For at-rest encryption (object-storage encryption, durable-DD-encryption), the framework’s keys live in a MasterKeyRing — a versioned map of key-id → encryption key. Rotation is online: new writes go under a fresh key ID; old reads still work under whatever key they were encrypted with; a background sweep eventually re-encrypts older data.

import { MasterKeyRing } from 'actor-ts';
const keyRing = new MasterKeyRing({
keys: {
'k1': process.env.MASTER_KEY_V1!,
'k2': process.env.MASTER_KEY_V2!, // new — current
},
currentKeyId: 'k2',
});

currentKeyId is the key used for new writes. Reads consult keys to find the right key for whatever the stored data is encrypted under.

Three triggers:

  1. Scheduled rotation — a security policy (every 90 days, yearly).
  2. Suspected compromise — leaked key material; rotate immediately.
  3. Compliance — regulatory requirements mandating periodic rotation.

Even without a specific trigger, periodic rotation is good practice — limits blast radius of an undetected leak.

1. Generate a fresh key. Add to keyRing.keys; do NOT yet
promote to currentKeyId.
2. Roll out the updated keyRing to all nodes.
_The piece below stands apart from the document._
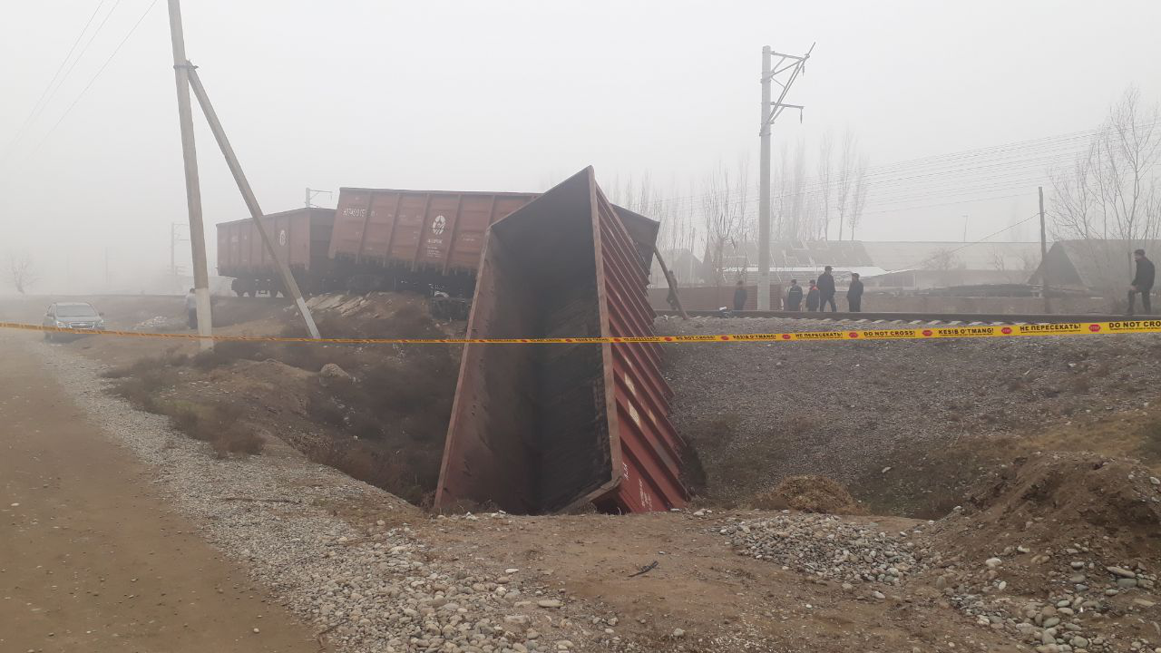 «12 декабря в 11.10 времени для ООО «ОООТА Миниралс» в 13 полуоткрытых вагонах доставили угольную продукцию из Казахстана. Вагоны встали на седьмой путь железнодорожной станции Пайтуг (Андижанская область) и после того, как продукция полностью была выгружена, по причине того, что на колеса вагонов не прикрепили железнодорожные башмаки, эти полуоткрытые вагоны покатились вниз и полуоткрытый пустой вагон №63080675 упал на левый бок в арык, а передние колеса такого же вагона №60745015 вышел с пути», - говорится в сообщении пресс-службы министерства внутренних дел (МВД).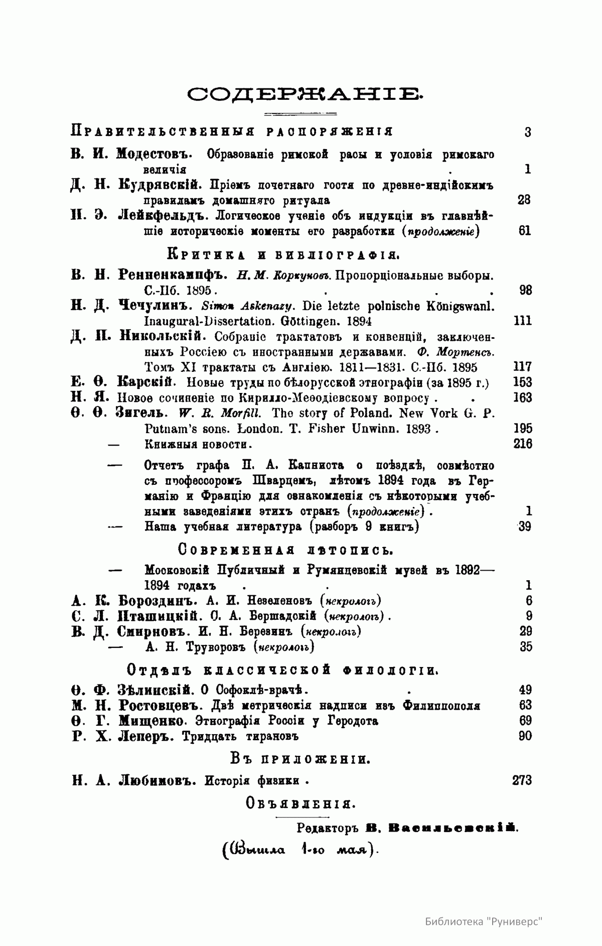 С 1864 года стали выходить указатели к повременным изданиям Министерства народного просвещения начиная с 1803 года.

Verify reads
work — old data still uses old key, new data still uses
previous key.
3. Update currentKeyId to the new key. Roll out. New writes
use the new key. Old data still readable.
4. Run the re-encryption sweep. Old data is read, decrypted,
re-encrypted under the new key.
5. Once the sweep completes, remove the old key from keyRing.
Keep a rollback window of ~7 days where the old key is
still available; after that, drop it.

The framework supports each of these steps without downtime.

const keyRing = new MasterKeyRing({
keys: {
'k1': process.env.MASTER_KEY_V1!,
'k2': process.env.MASTER_KEY_V2!, // new
},
currentKeyId: 'k1', // still v1 — only added v2 to ring
});

Roll out this config to every node. Reads of v1-encrypted data still work; writes still use v1.

This step is safe and reversible — if v2 isn’t actually needed yet, revert by removing it from keys.

const keyRing = new MasterKeyRing({
keys: {
'k1': process.env.MASTER_KEY_V1!,
'k2': process.env.MASTER_KEY_V2!,
},
currentKeyId: 'k2', // ← now v2
});

Roll out. New writes go under v2. Reads consult the keyRing and find the right key (v1 or v2) based on the stored data’s key-id header.

After this step, gradually new data accumulates under v2 as the workload writes. Old data stays under v1 until re-encrypted.

import { ReEncryptionSweep } from 'actor-ts';
const sweep = new ReEncryptionSweep({
store: snapshotStore,
keyRing,
targetKeyId: 'k2',
batchSize: 100,
rateLimit: 50, // items per second
});
await sweep.run();

The sweep walks the store, finds items not encrypted under targetKeyId, decrypts + re-encrypts.

Knobs:

  • batchSize — items processed per batch.
  • rateLimit — bound the I/O rate so the sweep doesn’t hammer the underlying storage.
  • filter — limit to specific persistenceIds (for partial rotation).

The sweep is idempotent + resumable — interrupting it and re-running picks up where it left off. Tracks progress in the store’s metadata.

After the sweep completes (every item encrypted under v2):

const keyRing = new MasterKeyRing({
keys: {
'k2': process.env.MASTER_KEY_V2!,
},
currentKeyId: 'k2',
});

Drop v1 entirely. Any data still encrypted under v1 (e.g., backups that haven’t been re-encrypted) is now unreadable.

Wait a rollback window before dropping. ~7 days lets you recover from “oh no, the sweep didn’t actually cover all the backups.” After confirmed migration, drop v1.

The keyRing doesn’t ship a key-storage backend. Common patterns:

SourcePattern
Env varsprocess.env.MASTER_KEY_V2 — simplest, fine for tests.
K8s secretsMounted as files; read at startup.
HashiCorp VaultPull dynamically at startup; refresh periodically.
AWS KMS / GCP KMS / Azure Key VaultCloud KMS APIs. Decrypt-on-load via the KMS encryption keys.

For production, KMS is the right answer — keys never leave the secure boundary in plaintext form.

If multiple clusters share the same encrypted store (e.g., a DR replica that reads the primary’s backups), all clusters need the same keyRing. Rotate them together; don’t let one cluster fall behind on key generations.